- Texte visé : Projet de loi de finances pour 2025, n° 324
- Stade de lecture : 1ère lecture (1ère assemblée saisie)
- Examiné par : Assemblée nationale (séance publique)
I. – Le 2° du II de la section I du chapitre IV du titre IV de la première partie du livre premier du code général des impôts est complété par un article 1028 quinquies ainsi rédigé :
« Art. 1028 quinquies – I. – Les opérations réalisées par les sociétés d’aménagement foncier et d’établissement rural, portant sur tout ou partie des actifs d’une société afférents à des biens ou droits mentionnés à l’article L. 143‑1 du code rural et de la pêche maritime, ne sont pas soumises au régime fiscal des plus et moins-values privées et professionnelles qui leur serait normalement applicable, dès lors que ces opérations sont mises en œuvre pour des motifs qui se rattachent exclusivement à leur mission prévue au 1° du I de l’article L. 141‑1 du même code.
« II. – Le I n’est applicable que si le ou les bénéficiaires des opérations précitées sont dépourvus de lien capitalistique ou d’affiliation avec les membres de la société dont les actifs sont cédés. »
II. – La perte de recettes pour l’État est compensée à due concurrence par la création d’une taxe additionnelle à l’accise sur les tabacs prévue au chapitre IV du titre Ier du livre III du code des impositions sur les biens et services.
Cet amendement propose de mettre en place un régime fiscal de faveur pour permettre aux Safer d’intervenir plus efficacement sur le marché sociétaire, qui représente aujourd'hui environ 20 % de la valeur du marché foncier agricole, tandis que les sociétés exploitent près des deux tiers de la surface agricole utile en France. L’objectif est de faciliter l’acquisition et la rétrocession par les Safer d’actifs agricoles détenus par des sociétés (biens mobiliers, immobiliers ou parts sociales), sans que ces opérations soient soumises à la fiscalité sur les plus-values professionnelles. Cette mesure ne présente pas de coût pour les finances publiques puisqu’il s’agit de permettre à des opérations d’être réalisées dans le futur, le régime fiscal les empêchant de l’être actuellement.

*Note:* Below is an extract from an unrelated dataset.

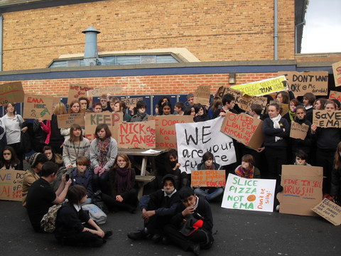 At our school, Beckfoot in Bingley we decided more needed to be done about the cuts so we organised a silent protest in aim of Saving EMA. We got hundreds of students turning up and even some teachers showing their support.

La limitation des possibilités d’intervention de la Safer est source d’irritants dans les territoires ruraux car elle aboutit à des transactions incohérentes avec nos objectifs de renouvellement des générations agricoles. Les avantages fiscaux font partie des conditions essentielles au fonctionnement des Safer dont la trésorerie ne permet pas de supporter le stockage, le portage, en plus des différents frais afférents aux interventions. Celles-ci ne doivent de même pas être sources d’alourdissement significatif du coût de vente aux agriculteurs acheteurs.
Dans plusieurs affaires récentes, la Safer n'a pas pu procéder au démembrement d'exploitations agricoles pour en attribuer les différentes parties à plusieurs jeunes agriculteurs. La revente par lots aurait généré des plus-values imposables trop élevées en raison de la réévaluation des actifs, nécessairement répercutés sur le prix de vente qui dépasse alors largement les prix du marché. La Safer se voit donc contrainte de ne pas intervenir ou de céder l'intégralité de l’exploitation à un seul acquéreur, ce qui est contraire à l’objectif de diversification et freine l’installation de jeunes agriculteurs.
Le régime fiscal proposé exonérerait ces opérations de la fiscalité des plus et moins-values professionnelles, à condition que celles-ci soient exclusivement destinées à remplir les missions agricoles définies à l'article L. 141-1 du code rural, telles que l'installation et le maintien d'exploitations agricoles. Cela permettrait aux Safer de remettre sur le marché des terres agricoles, et non des parts de sociétés, à des prix conformes aux pratiques locales. Dans un contexte où les structures sociétaires agricoles deviennent de plus en plus importantes et complexes en termes de gouvernance et de gestion, ce régime fiscal faciliterait la libération de terres agricoles détenues par des sociétés. Cela répondrait aux objectifs de la politique agricole (article L. 1 du code rural), en facilitant l'accès au foncier, en soutenant la transmission des exploitations, et en encourageant l'installation de jeunes agriculteurs.
En somme, cette mesure vise à redynamiser le marché foncier agricole en surmontant un frein fiscal majeur, tout en soutenant une meilleure transition générationnelle dans le secteur agricole. Elle a été travaillée sur la base de retours d’expérience de la fédération nationale des Safer et de la Safer Nouvelle-Aquitaine.